--- MATERIALS PROVIDED ---

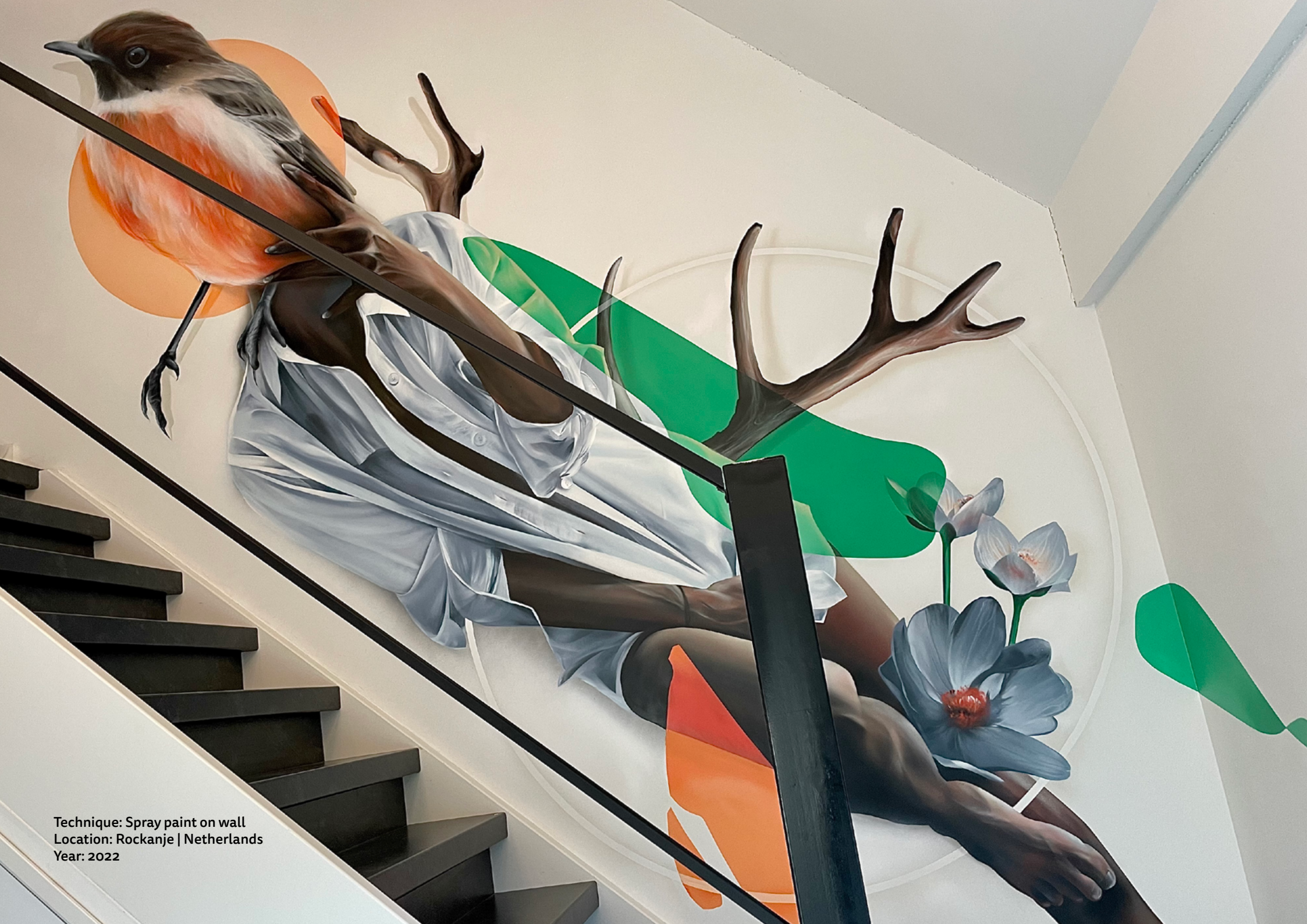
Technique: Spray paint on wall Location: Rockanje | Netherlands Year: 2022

---
--- MATERIALS PROVIDED ---

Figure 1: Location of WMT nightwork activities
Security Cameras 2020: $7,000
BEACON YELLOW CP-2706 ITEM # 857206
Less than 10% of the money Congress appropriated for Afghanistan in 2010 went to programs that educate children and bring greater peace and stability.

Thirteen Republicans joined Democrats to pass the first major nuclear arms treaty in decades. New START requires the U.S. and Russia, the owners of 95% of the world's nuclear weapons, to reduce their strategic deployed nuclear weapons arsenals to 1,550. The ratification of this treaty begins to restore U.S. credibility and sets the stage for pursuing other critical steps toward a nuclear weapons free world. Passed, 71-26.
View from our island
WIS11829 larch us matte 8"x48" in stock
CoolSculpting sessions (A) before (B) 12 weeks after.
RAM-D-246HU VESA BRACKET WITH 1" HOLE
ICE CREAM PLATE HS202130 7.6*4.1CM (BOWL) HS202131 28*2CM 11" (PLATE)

---

▸ **WORK TASK**: Find how many lines in the listing contain the word "Location" and give that count alone.

▸ **EXERCISE RESPONSE**: 2